# Planning An 08 Rally For Colorado



## JimO (May 20, 2007)

I would love to see who would be interested in a rally in Colorado next year. I've noticed quite a few new Colorado members, plus I'm sure everyone would love to come see our beautiful state. Anyways, I'm new this year to camping, so I could use all the advice I can get on how to get this going. We've also never been to a rally, so we're not quite sure how they work.







Please guide me if you can, and I'll try and set something up. Any help is welcome.

Thanks,
Jeni


----------



## campmg (Dec 24, 2005)

The best darn rally coordinator I know is skippershe. She'll probably chime in soon. From what I can tell, try to nail down the dates that work well for most people. You can never make them all happy. Find a place somewhat convenient to get to. Also, for rallies you're better off having full hook ups to accommodate everyone.

Hope some others from CO pitch in here and start making a list of dates and potential locals. From there, you just have to decide on whos' going to pick up the keg and what kind of beer to get. That was our hardest part for the SoCal rally.


----------



## Lund1700 (Jan 24, 2007)

We would be interested in a Colorado rally though not much help at planning since not familiar with Colorado. We tent camped at Garden of the Gods in Colorado Springs and then stayed with family in Durango.


----------



## Castle Rock Outbackers (Jan 18, 2004)

We have had two Colorado Rallys in the past, one at Mueller State Park in 2005 and at Golden Gate State Park in 2006. There was minimal interest in 2007. Below are pictures from the two Colorado Rallys. And of course, we are in for any Colorado Rally.

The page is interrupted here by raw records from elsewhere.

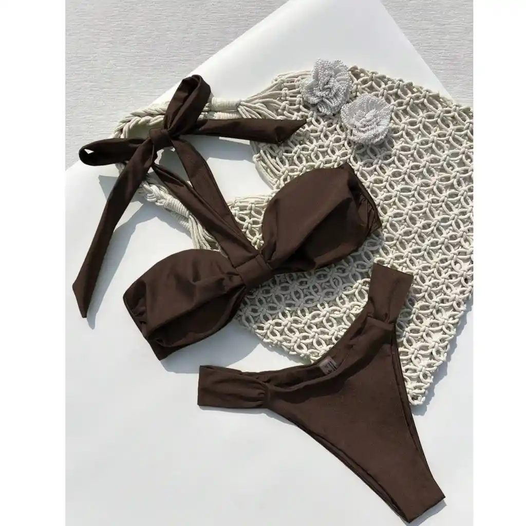 Este bikini de dos piezas en tono marrón chocolate es una joya minimalista con un toque sofisticado. Su diseño halter con gran moño central en el top aporta elegancia y feminidad, mientras que el corte clásico del panty garantiza comodidad y estilo. 👙 Top halter con moño: realza el busto y añade un detalle visual encantador. 🍫 Color chocolate profundo: ideal para resaltar cualquier tono de piel. 💫 Panty de corte limpio y favorecedor: con cintura ancha y suave caída en V. 🏖️ Perfecto para playa, piscina o sesiones de fotos: un básico con carácter. Disponible en Talla: M
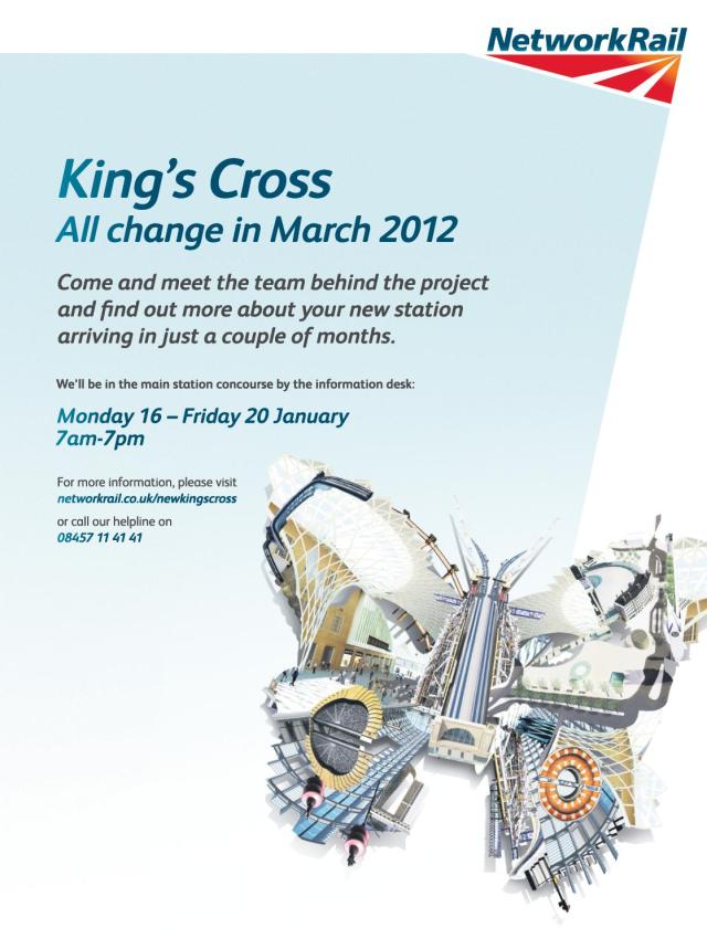 In anticipation of the opening of the new KX station in March this year, Network Rail will be available for all your questions from Monday 16th to Friday 20th January at the main information desk. An interactive exhibition will also be available next to the ticket office. Exciting times head!
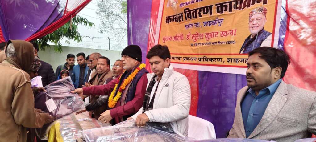 शाहजहाँपुर। जनपद में बढ़ती शीत लहर और कड़ाके की ठंड को देखते हुए प्रदेश के माननीय वित्त एवं संसदीय कार्य मंत्री सुरेश कुमार खन्ना की अध्यक्षता में आज तहसील सदर के अंतर्गत ग्राम बसुलिया और तिउलक में जरूरतमंदों को राहत पहुँचाने के उद्देश्य से कम्बल वितरण कार्यक्रम का आयोजन किया गया।

Since the most popular Colorado campgrounds fill so quickly, you have to book a block of sites around 6 months in advance for State Parks and 8 months in advance for the best sites at Federal parks. When I ran the rallys, I booked a block of 6 to 8 sites and then tried to fill them. It is a decent amount of work, but it was worth it. Go for it, Jen!

As far as rally locations, you'll need a campground with electric and water available. Not everyone likes to dry camp like we do. It is also preferable to pick campgrounds fairly close to Denver to get the most people interested, especially since the rally will probably be over a weekend.

Randy

2005 Rally at Mueller


















2006 Rally at Golden Gate


----------



## Carey (Mar 6, 2012)

For us, just pick a weekend in summer.. At this point my calender is open. lol We would prolly go if its on the front range. Prolly leave the bikes at home.

Let me know!

How about that new campground in Colorado Springs, just west of the main gate at Ft.Carson... Drive by it 4 times a day, but cant remember the name.. Stupid me..

Carey


----------



## Mark C and Family (Jan 21, 2007)

LOVE this idea!!

Just got back from the last trip of the season at Mueller State Park and there were four Outbacks all in the same area of the campground. Felt like a rally even though we have never been to one.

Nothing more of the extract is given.